Die Gewerkschaft ÖTV gab dazu keine weitere Erklärung ab.
Im Jahr 1993 machten die Kläger bei dem Beklagten vergeblich Vergütung nach Maßgabe des BAT geltend.
Die Kläger haben die Auffassung vertreten, auf ihre Arbeitsverhältnisse finde kraft Organisationszugehörigkeit der TV Berufsbildungswerk Anwendung. Dieser verweise auf den BAT und die diesen ergänzenden Tarifverträge. Der BAT-O sei kein den BAT ergänzender Tarifvertrag. Solange kein Haustarifvertrag für die im Beitrittsgebiet beschäftigten Arbeitnehmer des Beklagten abgeschlossen werde, erfasse der TV Berufsbildungswerk auch deren Arbeitsverhältnisse, so daß auch für sie der BAT gelte. Zwar sei arbeitsvertraglich die Anwendung des BAT-O vereinbart. Diese gegenüber der tariflichen Regelung ungünstigere Vereinbarung sei jedoch gemäß § 4 Abs. 3 TVG unwirksam.
Die Kläger haben beantragt
festzustellen, daß der Beklagte verpflichtet ist, die Kläger seit dem 1. Januar 1994 zu 100 % nach Maßgabe der Anlage 1 zum Tarifvertrag für die Beschäftigten im Annedore-Leber-Berufsbildungswerk vom 17. Dezember 1982 zu vergüten.

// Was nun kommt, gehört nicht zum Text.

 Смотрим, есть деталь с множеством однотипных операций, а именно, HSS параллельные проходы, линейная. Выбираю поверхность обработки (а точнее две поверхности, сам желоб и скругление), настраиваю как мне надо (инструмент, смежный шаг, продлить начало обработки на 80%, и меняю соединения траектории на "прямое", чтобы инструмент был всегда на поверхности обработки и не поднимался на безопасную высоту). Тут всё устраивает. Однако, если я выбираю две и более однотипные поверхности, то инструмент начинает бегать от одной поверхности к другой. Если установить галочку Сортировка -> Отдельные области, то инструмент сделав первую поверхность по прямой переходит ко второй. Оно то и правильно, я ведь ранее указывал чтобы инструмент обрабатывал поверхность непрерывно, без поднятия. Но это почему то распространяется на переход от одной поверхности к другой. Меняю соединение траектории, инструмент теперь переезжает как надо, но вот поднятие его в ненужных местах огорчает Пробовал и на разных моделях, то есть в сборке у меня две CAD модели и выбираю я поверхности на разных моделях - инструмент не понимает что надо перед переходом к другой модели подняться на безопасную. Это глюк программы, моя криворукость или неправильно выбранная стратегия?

Der Beklagte hat Klageabweisung beantragt und die Auffassung vertreten, den Klägern stehe nur Vergütung nach Maßgabe des BAT-O zu. Ihre Arbeitsverhältnisse seien im Sinne des § 1 Abs. 1 BAT-O im Beitrittsgebiet begründet. Die Kläger seien für eine Tätigkeit in dem in Brandenburg gelegenen Ausbildungshotel Z eingestellt worden und würden auch dort beschäftigt. Der BAT-O sei ein den BAT ergänzender Tarifvertrag im Sinne des § 2 TV Berufsbildungswerk. Durch den Abschluß des TV Berufsbildungswerk hätten die Tarifvertragsparteien die Arbeitnehmer des Beklagten denjenigen des öffentlichen Dienstes gleichstellen wollen. Nach Vereinbarung des BAT-O und der damit verbundenen geringeren Vergütung für die Arbeitnehmer des öffentlichen Dienstes im Beitrittsgebiet gelte das niedrigere Vergütungsniveau auch für die Kläger. Dies entspreche der durch den Schriftwechsel vom 18. Februar/16. April 1991 getroffenen Übereinkunft des Beklagten mit der Gewerkschaft ÖTV.

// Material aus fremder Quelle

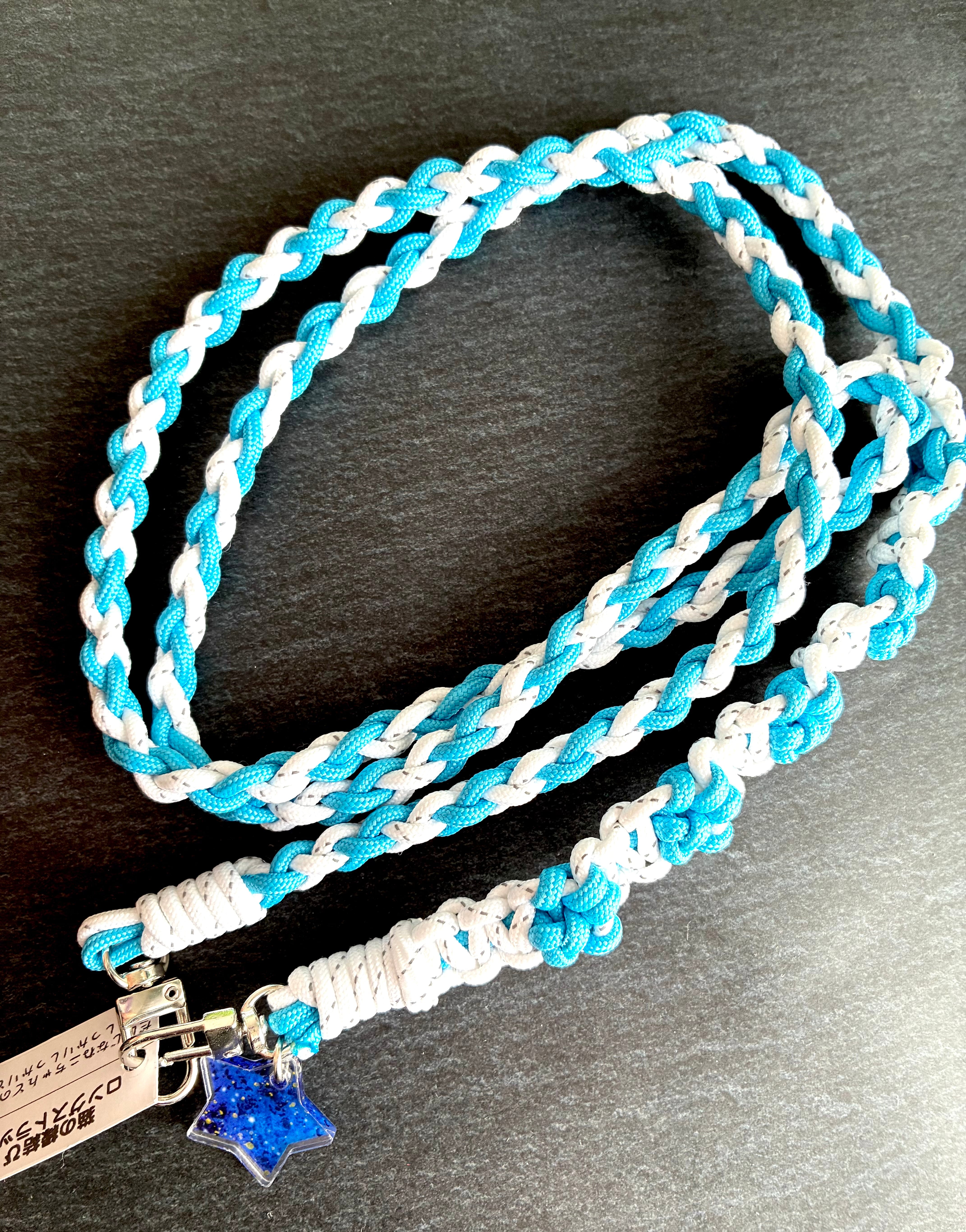 アウトドアで使用される耐久性のあるパラコード(アウトドアコード)を編んだロングストラップです。

Die Vorinstanzen haben die Klage abgewiesen. Mit der Revision verfolgen die Kläger ihr Klagebegehren weiter. Der Beklagte beantragt, die Revision zurückzuweisen.
Entscheidungsgründe
Die Revision ist begründet. Der Klage war unter Aufhebung des Berufungsurteils und Abänderung des arbeitsgerichtlichen Urteils stattzugeben. Den Klägern steht seit dem 1. Januar 1994 die ungekürzte Vergütung nach Maßgabe der Anlage 1 zum TV Berufsbildungswerk vom 17. Dezember 1982 und damit in Höhe der Vergütung nach dem Vergütungstarifvertrag zum BAT zu. Für eine Absenkung der Vergütung auf das Vergütungsniveau des BAT-O besteht keine Rechtsgrundlage.
I. Das Landesarbeitsgericht hat angenommen, die Kläger könnten nach § 2 TV Berufsbildungswerk nur Vergütung nach Maßgabe des BAT-O verlangen. Dies ergebe die Auslegung des TV Berufsbildungswerk. Die Tarifvertragsparteien hätten mit dem Abschluß dieses Tarifvertrags den Zweck verfolgt, die Arbeitnehmer des Beklagten den Beschäftigten des öffentlichen Dienstes gleichzustellen. Da es bei Abschluß des TV Berufsbildungswerk im Jahr 1982 keine unterschiedlichen Tarifverträge für den öffentlichen Dienst gegeben habe, habe nur der BAT in Bezug genommen werden können. Dies habe sich durch die Wiedervereinigung Deutschlands und den Abschluß des BAT-O für das Beitrittsgebiet geändert. Dieser gegenüber 1982 veränderten Lage sei in Anbetracht des Tarifzwecks dadurch Rechnung zu tragen, daß sich die im Beitrittsgebiet begründeten Arbeitsverhältnisse der beim Beklagten beschäftigten Arbeitnehmer, zu denen auch die Kläger zählten, nach dem BAT-O richten.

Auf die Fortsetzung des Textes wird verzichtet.